The collision of the two black holes is believed to have resulted in the formation of an enormous black hole of about 142 solar masses and the release of a colossal amount of energy, rippling the curvature of spacetime and allowing its detection across vast distances.

“This is a really incredible find because for the very first time we have evidence that there are black holes that exist somewhere in between the stellar mass black holes … and the very, very massive black holes that we do see at the centre of galaxies, like our own.” said Dr. Jess McIver, head of the GWs research group and co-chair of the Laser Interferometer Gravitational-Wave Observatory (LIGO) Detector Characterization group.

McIver described the discovered type of black hole as a “missing link.”

“We have been seeing hints of the role that black holes play in the formation of larger structures in the universe,” said McIver. “Now that we know these [intermediate black holes] exist, we can start incorporating them into our models. So that’s a huge development.”

Speaking to the importance of supermassive black holes in the cosmic schema, Dr. Evan Goetz, research associate at the GWs research group and member of the LIGO Scientific Collaboration, highlighted the detection’s impact as “[it] starts to tie in the pieces of this broader picture that we’re trying to understand of, how do supermassive black holes form, and how do they influence galaxies and star formations?”

McIver also described the discovery’s importance in pointing to supermassive black holes as being part of an “evolutionary chain” of black holes. The delay caused by the detected gravitational waves having to travel the enormous distance to Earth meant that researchers were able to observe an event that occurred in a much younger universe.

The more we looked at the data, the more we realized; this could not be an instrumental artifact, this had to be a real signal.

— Dr. Evan Goetz, research associate at the GWs research group

The source was seen to have a redshift (increase in wavelength) of 0.8, giving indications of a universal expansion by a factor of 1.8 since the occurrence of the event.

The detection of the collision was made possible due to the astronomical forces involved, with the great distance rendering it impossible to pinpoint its exact location.

“There really were only a few waves that propagated that we observed in the detector … we can’t say, ‘it came from that galaxy over there,’” Goetz added. “We can’t pinpoint its location very precisely.”

The signal was detected by LIGO detectors in the United States and by the Virgo interferometer in Italy. Joint scientific collaborations, LIGO and the Virgo interferometer are locations of highly complex and extremely sensitive scientific instrumentation.

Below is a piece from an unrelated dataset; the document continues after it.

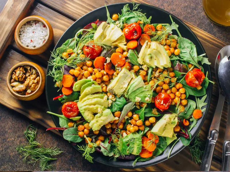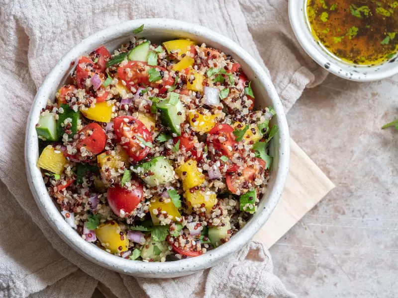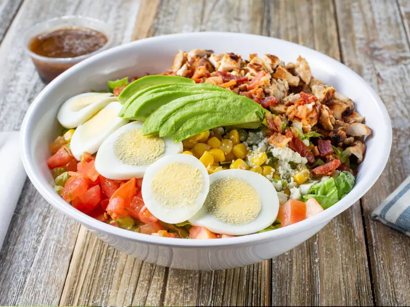 南西部のサラダは、さまざまな風味と食感が楽しめます。 ミックスグリーンから始めて、黒豆、コーン、トマト、アボカドを追加します。 スパイシーなキックを加えるためにチポトレグリルチキンをトッピングしてください。 サワークリームやギリシャヨーグルトを少量加えると辛さを和らげ、ライムを絞ると料理全体が明るくなります。 このサラダは、冷たいビールやさわやかなマルガリータとよく合う、満足のいく食事です。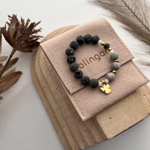 Bransoletka różaniec dla chłopca KAMIENIE NATURALNE aniołek Bransoletka różaniec dla chłopca KAMIENIE NATURALNE AGAT KREMOWY pozłacany aniołek Ten ręcznie wykonany różaniec, który pełni również funkcję bransoletki, to unikatowy dodatek łączący styl z głębokim przesłaniem. Wykonany z naturalnych kamieni szarej lawy wulkanicznej oraz jaspisu szarego, zdobiony detalami z pozłacanej 24-karatowym złotem stali chirurgicznej 316L, wyróżnia się wyjątkowym designem i trwałością. Zawieszka w kształcie złotego aniołka symbolizuje ochronę, troskę i miłość, nadając całości duchowego charakteru. Symbolika i piękno kamieni: Lawa wulkaniczna – kojarzona z siłą i ugruntowaniem, wspiera spokój wewnętrzny i odporność na codzienne wyzwania.

To detect gravitational waves at LIGO, lasers are shone onto a mirror that splits the laser lights into two beams. The two beams go through two different, four kilometre arms arranged perpendicular to each other, where the phase of each of the laser lights can then be detected. This is used to measure their relative stretching and squeezing by the effect of the gravitational waves.

Quantification and analysis were done using analytical models and computational methods.

Having worked on the calibration of the instrumentation for detection of the gravitational waves, Goetz mentioned the importance of understanding the “uncertainty [of the] measurement.”

“The other aspect is validating gravitational wave signals,” said Goetz. “We want to make sure signals like GW190521 are real astrophysical events and not just some noise artifact of the instrument.”

As for the actual process of going through the astronomical amounts of data, Goetz described it as “look[ing] at all the detectors in the network and [trying] to understand, ‘can any instrumental noise basically generate such an artifact, an outlier in the analysis of the data?’”

“The more we looked at the data, the more we realized; this could not be an instrumental artifact, this had to be a real signal,” said Goetz.

The UBC LIGO group is part of a larger international network of groups working in the LIGO scientific collaboration and is heavily involved in the operation of gravitational wave detectors and the analysis of data coming therefrom.

McIver also spoke of the positive impact of the research upon the UBC community, describing it as linking together research areas and creating opportunities for students.

“There are many different areas of physics, and data science and fundamental research that this work ties all together,” said McIver.